In Greek mythology, Danaë was a princess, the daughter of King Acrisius of Argos and Eurydice. When the oracle confronted Acrisius with the prophecy that even if he were to hide in farthest reaches of the Earth he would die at the hands of his own grandson, the son of Danaë, he decided to locked her in a subterranean bronze chamber under the watchful eye of his guards.
Having fallen in love with the young princess, Zeus turned into a golden rain that streamed into the chamber through a skylight and penetrated Danaë’s womb. From this union Perseus was born. Fearing the prophecy, Acrisius ordered the mother and child to be put in a wooden chest and thrown into the sea. The water would kill them.
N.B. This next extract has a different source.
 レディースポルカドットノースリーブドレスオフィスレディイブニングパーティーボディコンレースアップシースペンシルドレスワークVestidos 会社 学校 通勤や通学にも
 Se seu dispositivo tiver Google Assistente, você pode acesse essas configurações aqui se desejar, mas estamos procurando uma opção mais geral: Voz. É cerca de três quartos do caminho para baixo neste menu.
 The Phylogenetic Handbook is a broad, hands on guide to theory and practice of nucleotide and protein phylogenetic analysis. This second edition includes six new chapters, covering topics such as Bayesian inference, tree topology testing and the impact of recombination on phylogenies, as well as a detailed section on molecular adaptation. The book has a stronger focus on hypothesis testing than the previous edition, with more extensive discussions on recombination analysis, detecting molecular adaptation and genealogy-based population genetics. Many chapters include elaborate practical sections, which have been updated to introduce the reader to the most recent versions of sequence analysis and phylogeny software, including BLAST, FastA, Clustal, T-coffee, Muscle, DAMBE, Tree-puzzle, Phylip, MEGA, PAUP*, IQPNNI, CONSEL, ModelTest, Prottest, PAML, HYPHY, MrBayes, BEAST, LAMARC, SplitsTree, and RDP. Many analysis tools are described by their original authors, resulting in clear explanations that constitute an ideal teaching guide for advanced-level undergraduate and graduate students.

Zeus intervened, asking Poseidon, god of the sea, to calm the waters. Danaë and Perseus survived Acrisius’ plan and eventually reached the island of Seriphos, where they were taken in by Dictys. Years later, after defeating the terrifying Medusa, whose gaze petrified all that dared confront her, Perseus mortally wounded his grandfather Acrisius with a javelin at the athletic games of Larissa, thus fulfilling the oracle’s prophecy.
In mythology, destiny gains a geometrical tone; it draws wide diameter circumferences to always complete what had been predestined. To give life and to inflict the mortal wound are sometimes the same gesture, like Perseus birth is also already Acrisius’ death. Water is the element in which the beginning and the end are forever undistinguishable, everything becomes part of the same heavy and penetrating mass that overcomes all, as obstinate as a god’s passion.
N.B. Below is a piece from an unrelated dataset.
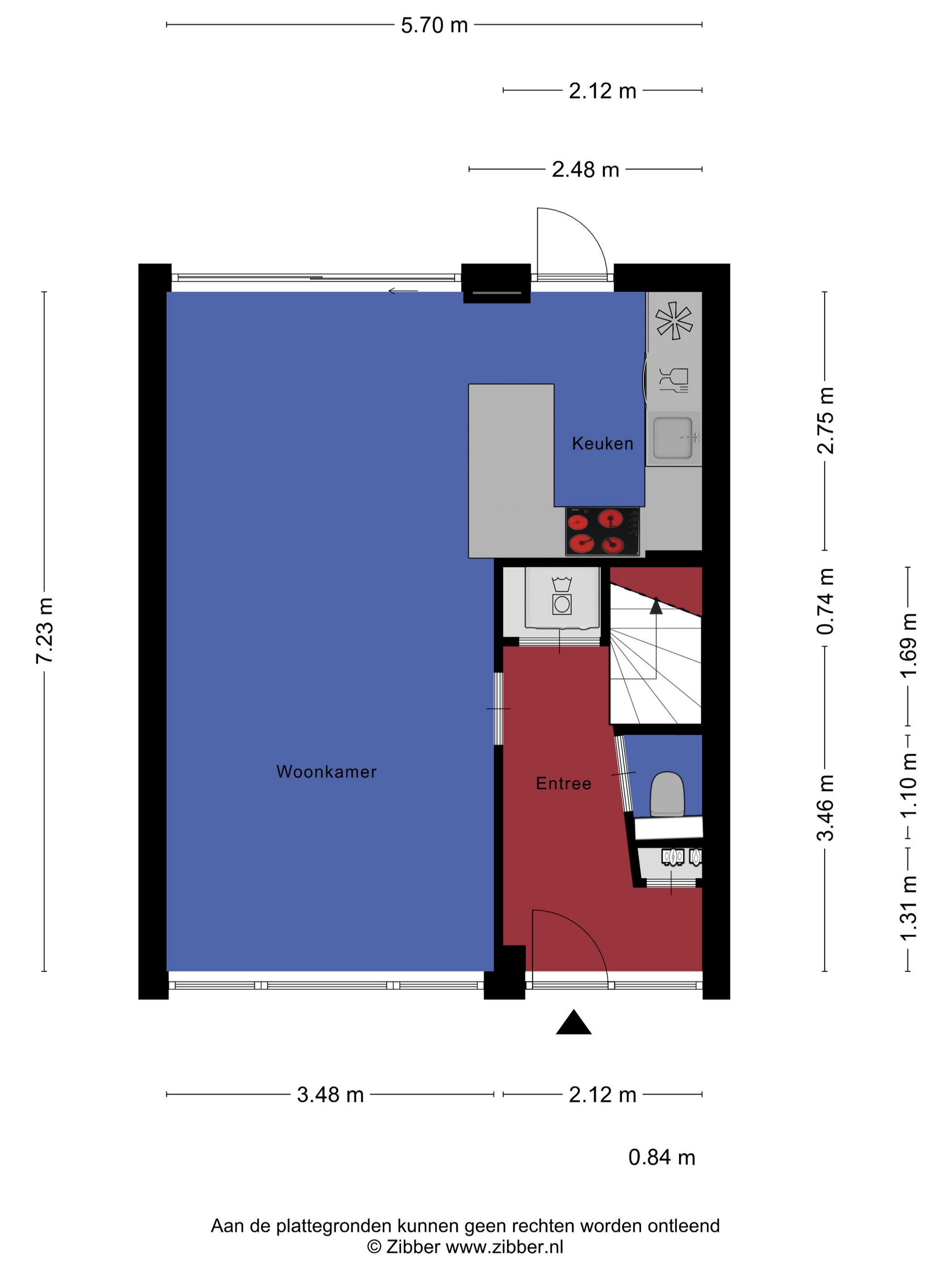 Indeling Begane grond: entree, hal, meterkast, toilet, trapopgang, trapkast met opstelling/aansluiting wasmachine/droger, toegang naar de doorzonwoonkamer met open keuken v.v. inbouwapparatuur, toegang naar de achtertuin middels een schuifpui.

Falling to the earth or ascending to the sky, water is always and already, in its tireless verticality, all that causes birth. It is the exhortation to fertility in which men ask the gods to become part of the cycle. It is the earth asking to always create more, as if avoiding the end of everything whose birth it witnessed – a concavity that contains and an opening that gives way.